Data →
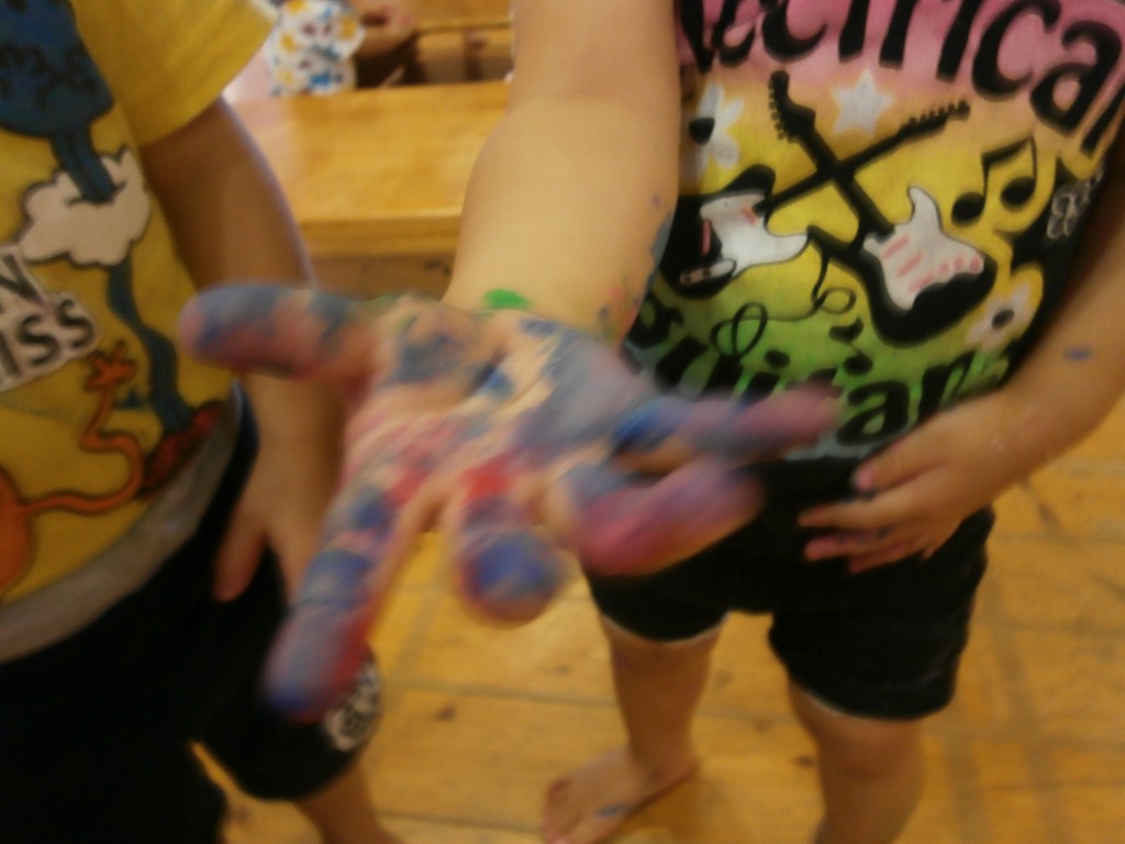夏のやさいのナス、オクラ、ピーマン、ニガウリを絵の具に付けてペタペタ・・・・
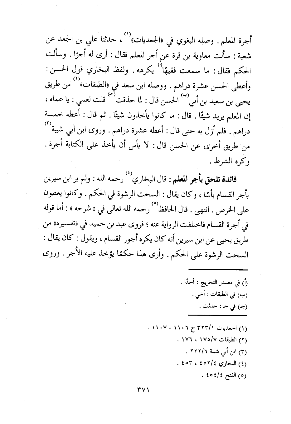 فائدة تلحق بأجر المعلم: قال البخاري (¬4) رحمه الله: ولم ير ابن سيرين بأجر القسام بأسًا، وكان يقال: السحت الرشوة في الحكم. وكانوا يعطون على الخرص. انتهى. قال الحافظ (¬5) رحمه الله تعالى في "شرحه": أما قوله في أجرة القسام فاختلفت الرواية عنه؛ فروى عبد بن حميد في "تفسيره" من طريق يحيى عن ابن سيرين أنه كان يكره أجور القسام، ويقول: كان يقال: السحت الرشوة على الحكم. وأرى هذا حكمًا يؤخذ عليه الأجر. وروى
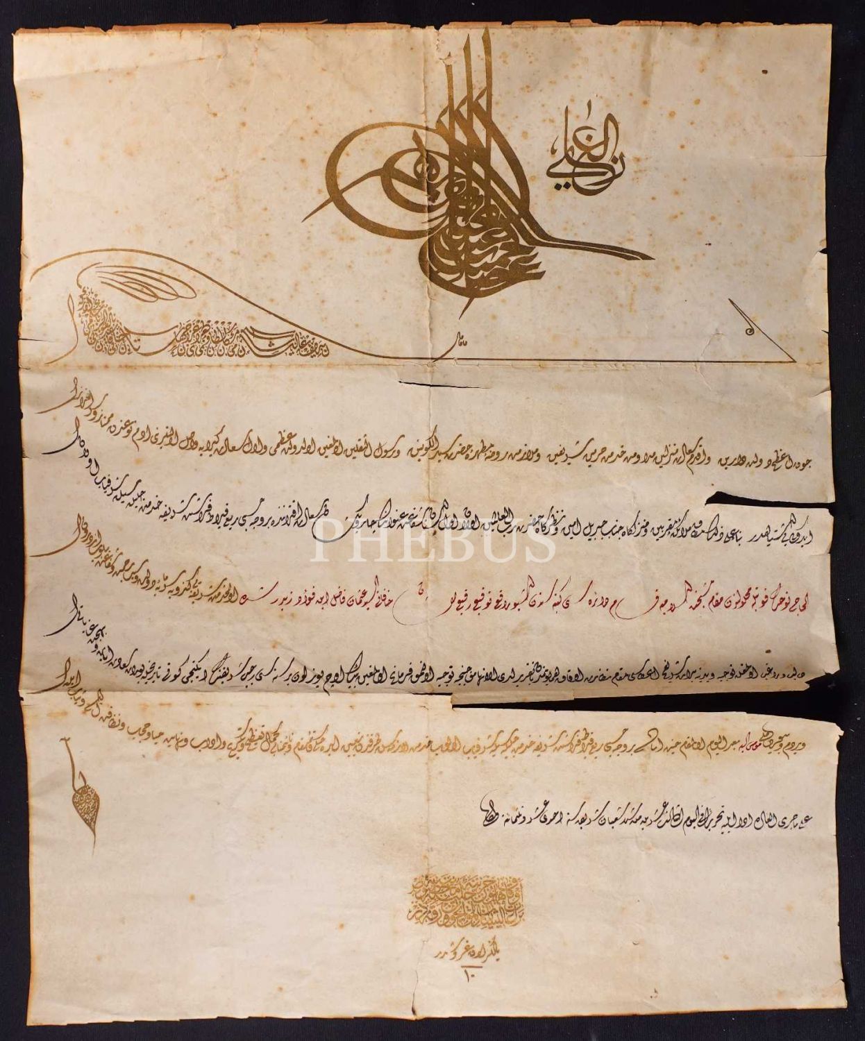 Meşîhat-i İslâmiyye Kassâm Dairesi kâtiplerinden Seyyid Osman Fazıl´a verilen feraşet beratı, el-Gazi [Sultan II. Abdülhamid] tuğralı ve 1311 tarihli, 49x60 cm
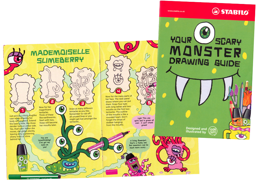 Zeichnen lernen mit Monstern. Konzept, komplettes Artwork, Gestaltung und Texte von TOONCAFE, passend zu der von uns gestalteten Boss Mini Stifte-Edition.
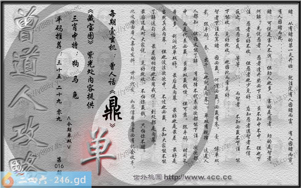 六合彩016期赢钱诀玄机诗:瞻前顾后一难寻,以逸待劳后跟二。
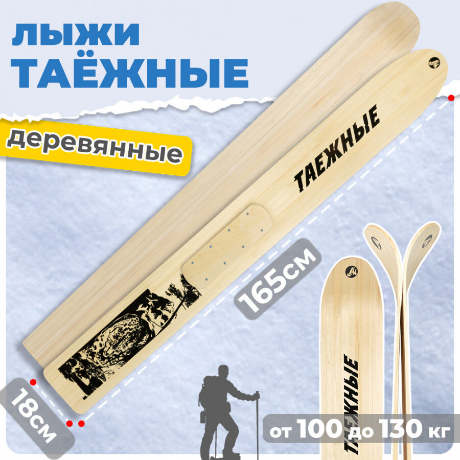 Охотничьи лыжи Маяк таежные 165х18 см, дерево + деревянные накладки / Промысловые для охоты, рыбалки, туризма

About this exercise → All of the entries above are to be restated word for word, minus the images.

Completed task →
夏のやさいのナス、オクラ、ピーマン、ニガウリを絵の具に付けてペタペタ・・・・
 فائدة تلحق بأجر المعلم: قال البخاري (¬4) رحمه الله: ولم ير ابن سيرين بأجر القسام بأسًا، وكان يقال: السحت الرشوة في الحكم. وكانوا يعطون على الخرص. انتهى. قال الحافظ (¬5) رحمه الله تعالى في "شرحه": أما قوله في أجرة القسام فاختلفت الرواية عنه؛ فروى عبد بن حميد في "تفسيره" من طريق يحيى عن ابن سيرين أنه كان يكره أجور القسام، ويقول: كان يقال: السحت الرشوة على الحكم. وأرى هذا حكمًا يؤخذ عليه الأجر. وروى
 Meşîhat-i İslâmiyye Kassâm Dairesi kâtiplerinden Seyyid Osman Fazıl´a verilen feraşet beratı, el-Gazi [Sultan II. Abdülhamid] tuğralı ve 1311 tarihli, 49x60 cm
 Zeichnen lernen mit Monstern. Konzept, komplettes Artwork, Gestaltung und Texte von TOONCAFE, passend zu der von uns gestalteten Boss Mini Stifte-Edition.
 六合彩016期赢钱诀玄机诗:瞻前顾后一难寻,以逸待劳后跟二。
 Охотничьи лыжи Маяк таежные 165х18 см, дерево + деревянные накладки / Промысловые для охоты, рыбалки, туризма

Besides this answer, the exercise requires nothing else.